あたしは……まあまあの頻度でシンクに洗い物をためてしまう、なんてこと。

仕事が猛烈に忙しく、心身ともに疲労のピーク時は、家にあるコップというコップを全て使い切るまで一切洗わずシンクに置き続け、さらにひどい時は、すべてのコップとグラスを使い切った後もまだ洗わず、茶碗や皿やどんぶりでコーヒーや牛乳を飲み、食器戸棚の中がすっかり空っぽになって初めて、渋々洗い始める……なんてこと。

1日置いただけでも雑菌が大繁殖するとか、もはや洗っても落ちない雑菌がこびりつくとか、ひどい場合はそれが食中毒の原因にもなるとかいう情報は、知っているし、聞いている。

知っているし、聞いているのに……洗う気が起きず、すみません。

激務が続いて洗う気力がどうしても起きない時、会社帰りに100均で紙コップ買って帰って、しばらくしのいだこともあったなあ。

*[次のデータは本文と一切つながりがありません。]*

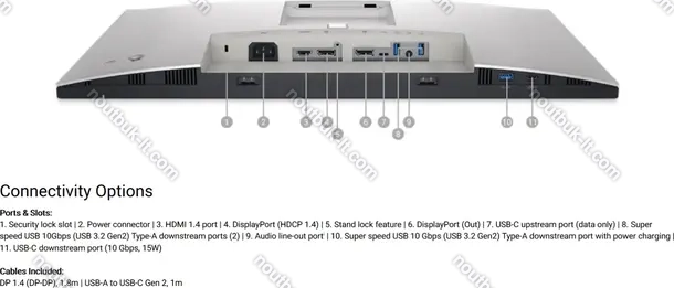 - 1x HDMI 1.4, 1x DisplayPort 1.4, 1x DisplayPort-Out 1.4, 1x USB-C 3.1 (Upstream, 10Gb/s), 1x USB-C 3.1 (downstream, 10Gb/s), 1x USB-A 3.1 (downstream, 10Gb/s, BC), 2x USB-A 3.1 (downstream, 10Gb/s), 1x 3.5mm jack, 1x AC-In C14 (подключение к сети)

どこまでもクリーンで勤勉(そう)な結花と、実はこれまた隠れグータラなあたし。栄養や食材の勉強をしているあたしを、真木は褒めてくれるけど、それはただ面白くて楽しいからというだけの話。食と睡眠以外の生活面は、とても人さまにお見せできるようなクオリティではない。つまり、ほんとは真木に「生活改善しなさい」なんて偉そうなこと言えた身じゃないのだ。

でもほんと、洗い物って億劫じゃない?

「食洗機を買って、生活の質が変わりました! 働く女性が生活に取り入れるべき文明の利器No.1です!」とかいうネットの絶賛口コミを見て、思わずあたしも手をだしそうになったけど、それこそ定期的に掃除をしないと今度はその食洗機自体にすぐに黒やピンクのカビが生えるというクチコミを見て、その図が容易に想像できたので、そっと先送りしたことがあるくらい、洗い物はなにしろ気が乗らない。